Further, France and Germany both strive for a strategically positioned European healthcare industry which, in full respect of the Member States’ responsibility for their social security and healthcare systems, intends to upgrade the European dimension of healthcare and reduce EU dependency.

Although the €500 billon will be part of the EU budget, it is likely to be spent early in the next budget period from 2021 to 2027. There are different options for dealing with the debt load created by the Recovery Fund- it could be paid back over a long period, or continuously rolled over. As described by Angela Merkel, the Franco-German proposal would mean that the debt servicing (the repayment of interest and principal) would be done through funds allocated to the EU through contributions from the Member States, based on their share in the regular EU budget. This would mean that e.g. Italy would need to contribute around 15 per cent of these new liabilities. Although, this technically increases the Italian state’s liabilities by around €75 billion, accounting rules mean that this will probably remain off the state’s balance sheet and thus not increase its headline debt to GDP ratio.
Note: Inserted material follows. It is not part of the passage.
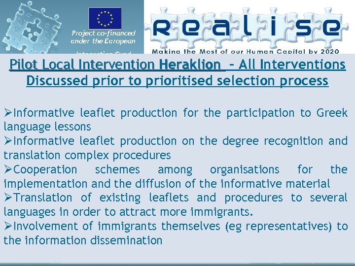 Project co-financed under the European Integration Fund Pilot Local Intervention Heraklion - All Interventions Discussed prior to prioritised selection process ØInformative leaflet production for the participation to Greek language lessons ØInformative leaflet production on the degree recognition and translation complex procedures ØCooperation schemes among organisations for the implementation and the diffusion of the informative material ØTranslation of existing leaflets and procedures to several languages in order to attract more immigrants. ØInvolvement of immigrants themselves (eg representatives) to the information dissemination

The Franco-German proposal will need agreement from the other 25 Member States.  It remains to be seen whether all Member States of the Eurozone and their parliaments will agree to the proposal. Already on 23 May 2020, Austria, Sweden, Denmark and the Netherlands have unveiled their counter-proposal to the Recovery Fund proposal, reiterating their position on the provision of cheap loans to finance the bloc’s recovery from the Coronavirus crisis (see https://euractiv.bg/wp-content/uploads/sites/9/2020/05/Frugal-Four-Non-Paper.pdf). The countries counter-opposed “favorable loans” for those most severely affected by the crisis, but no grants, no debt mutualisation and no significant increase of the long-term EU budget, namely the Multiannual Financial Framework (MFF) for 2021 – 2027.